We practitioners hold our breath as this is brand new and there is no treatise we can go to to read about best practices. We are all pow-wowing and flying by the seat of our pants. I’ve already probated one remotely executed will and am just about to probate another.

If you mess up with a will execution, you only find out after; that’s the fear in our hearts. Notarizations are easy; however, the last thing I want to hear is that I notarized your power of attorney and now you are incapacitated and the bank won’t accept the form because they don’t know how remote notarization is supposed to work. Documents are more complex.

What do you envision for your practice, post-COVID?

Cohn: The practice will likely return to mostly in-person appearances with the exception of certain conferences that can be conducted virtually. The court system has become more proficient with virtual conferencing and may utilize this technology to a greater degree when necessary.

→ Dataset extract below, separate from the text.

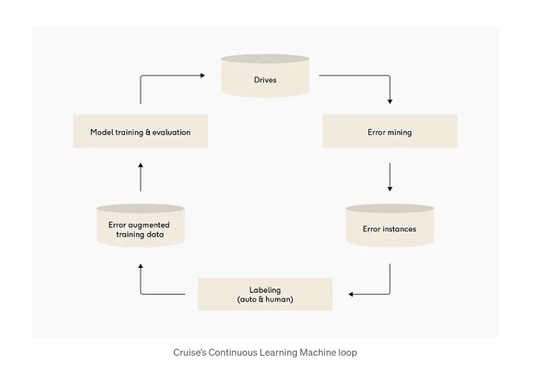 當我在 Cruise 從事自動駕駛汽車工作時,願景是「持續學習機器」(Continuously Learning Machine, CLM) 的概念。目標是讓汽車四處行駛、收集經驗,然後進行改進,這指導了所有工程團隊的努力。

Shampnoi: I think going forward, people will be more comfortable utilizing virtual platforms to save time and money. I envision and hope for a hybrid use of such platforms as needed as opposed to strictly virtual going forward. For smaller cases and/or cases where no one is in the same location I think more people will consider mediation. Virtual mediation will also allow counsel and/or the parties to select mediators from different geographical areas without increasing the costs. However, I still think in-person mediation is best for most cases, particularly where there is a lot of emotion and/or nuance. Nothing compares to being face-to-face, together with all of the participants committed to resolving a dispute over the course of several hours.

Wildgrube: I think that people will continue to have the option to work from home because we have found that we can be effective even though we are not in the office. Many of the practices adopted will continue in the post-COVID world, with closings by mail and fewer people at closings because these practices are also convenient to clients and brokers.

Maryanov: I won’t be returning to a city office. Now and forevermore, it is my expectation to work from a home office. When and if needed, I will use my colleague’s conference room for in-office meetings.